Entgegen weit verbreiteter Überzeugungen, auch in der Türkei selbst, hat das Land funktionierende demokratische Institutionen, die freie und faire Wahlen bis zu einem gewissen Grad ermöglichen. Einen Hoffnungsschimmer für diejenigen, die sich eine andere Regierung wünschen, gab es 2019: Bei den Kommunalwahlen gewannen die Kandidaten der Opposition in den zwei größten türkischen Städten Istanbul und Ankara gegen die Kandidaten der AKP.
Welche Chancen auf Veränderung gibt es also? Für einen Machtwechsel seien faire Wahlen entscheidend. "Um Wahlen zu gewinnen", so Adar, müsse die Opposition erst mal sicher stellen, dass es an der Wahlurne mit rechten Dingen zugeht.
Was bringt die Zukunft für die Türkei?
2023 ist sowohl für die Türkei selbst als auch für die Beziehungen der Türkei zur EU ein entscheidendes Jahr, meint Cigdem Nas, Generalsekretärin der Economic Development Foundation in Istanbul, einem der führenden Think Tanks für die türkisch-europäischen Beziehungen.
"Sollte die Opposition gewinnen, dann wird sie sich vor allem auf eine Rückkehr zur parlamentarischen Demokratie konzentrieren, und ein solcher Prozess wird auch eine Agenda der Demokratisierung beinhalten. In einem solchen Szenario könnte man eine Wiederbelebung einer EU-Perspektive für die Türkei erwarten", sagt sie.
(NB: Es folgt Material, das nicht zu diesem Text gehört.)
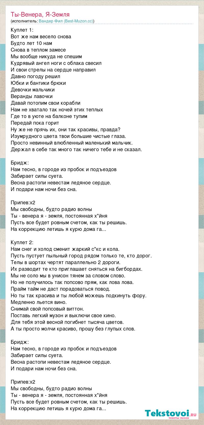 Куплет 1: Вот же нам весело снова Будто лет 10 нам Снова в теплом замесе Мы вообще никуда не спешим Кудрявый ангел ноги с облака свесил И свои стрелы на сердце направил Давно погоду решил Юбки и бантики брюки Девочки мальчики Веранды лавочки Давай потопим свои корабли Нам не хватало так ночей этих теплых Где то в уюте на балконе тупим Передай пока горит Ну же не прячь их, они так красивы, правда? Изумрудного цвета твои большие чистые глаза. Просто невинный влюбленный маленький мальчик. Держал в себе так много так ничего тебе и не сказал. Бридж: Нам тесно, в городе из пробок и подъездов Забирает силы суета. Весна растопи невестам ледяное сердце. И подари нам ночи без сна. Припев:х2 Мы свободны, будто радио волны Ты - венера я - земля, постоянная х*йня Пусть все будет ровным счетом, как ты решишь. На коррекцию летишь я курю дома га... Куплет 2: Нам снег и холод сменит жаркий с*кс и кола. Пусть пустует пыльный город рядом только те, кто дорог. Телы в шортах чертят параллельно 2 дороги. Их разводит те кто приглашает сняться на бигбордах. Мы не соло мы в унисон тянем за словом слово. Но не получилось так попсово прям, как лова лова. Прайм тайм не даст порадоваться повод. Но ты так красива и ты любой можешь подкинуть фору. Медленно льется вино. Снимай свой попсовый виттон. Поставь легкий музон и выключи свое кино. Для тебя этой весной погибнет тысяча цветов. А ты просто молчи красиво, прошу без глупых слов. Бридж: Нам тесно, в городе из пробок и подъездов Забирает силы суета. Весна растопи невестам ледяное сердце. И подари нам ночи без сна. Припев:х2 Мы свободны, будто радио волны Ты - венера я - земля, постоянная х*йня Пусть все будет ровным счетом, как ты решишь. На коррекцию летишь я курю дома га...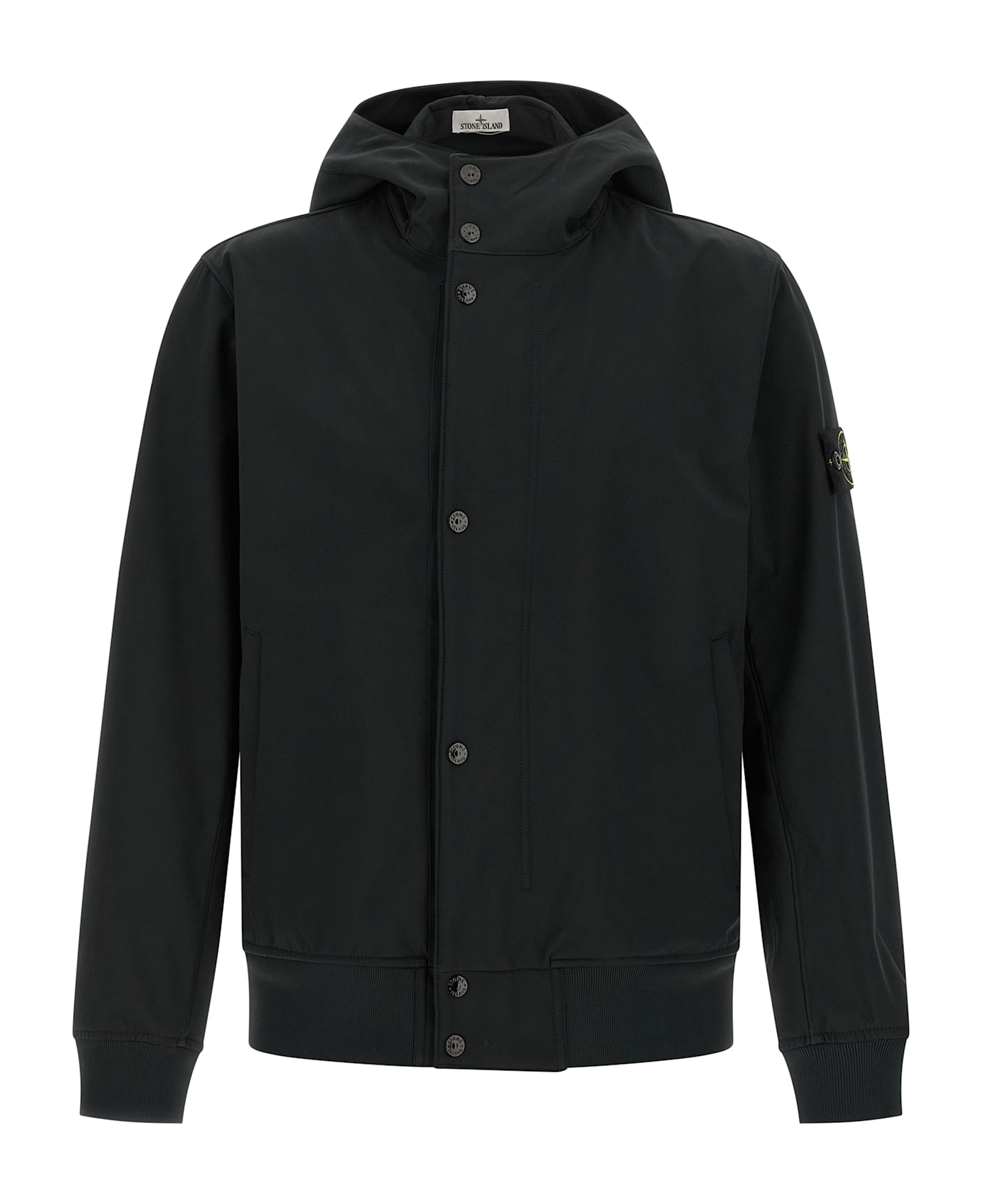 '4100118' jacket in three-layer technical material with 8000 mm water column with outer part in stretch polyester canvas woven with e. dye® Waterless Color System technology yarns and textured polyester jersey inner part with breathable and water and wind resistant membrane, adjustable hood, high neck, zip closure and front snap buttons, pockets, long sleeves with cuffs, logo badge appliqué, band on the hem.

Doch man solle realistisch bleiben: "Wenn es keine wirkliche Veränderung bei den türkischen Plänen für einen EU-Beitritt gibt, dann wird sich eher die Natur der Beziehungen verändern. Weg von der Perspektive eines Beitrittskandidaten hin zu einer interessengeleiteten Partnerschaft."
"Auch dann bleibt die Türkei Teil einer weiter gefassten europäischen Architektur und ein entscheidender Faktor für die europäische Sicherheit," so Nas. Und weil kein Ende des russischen Angriffskrieges auf die Ukraine abzusehen ist, wird Ankaras Rolle als Vermittler, in der es schon einige Erfolge verbuchen konnte, auch im neuen Jahr diplomatische Früchte für die Türkei tragen.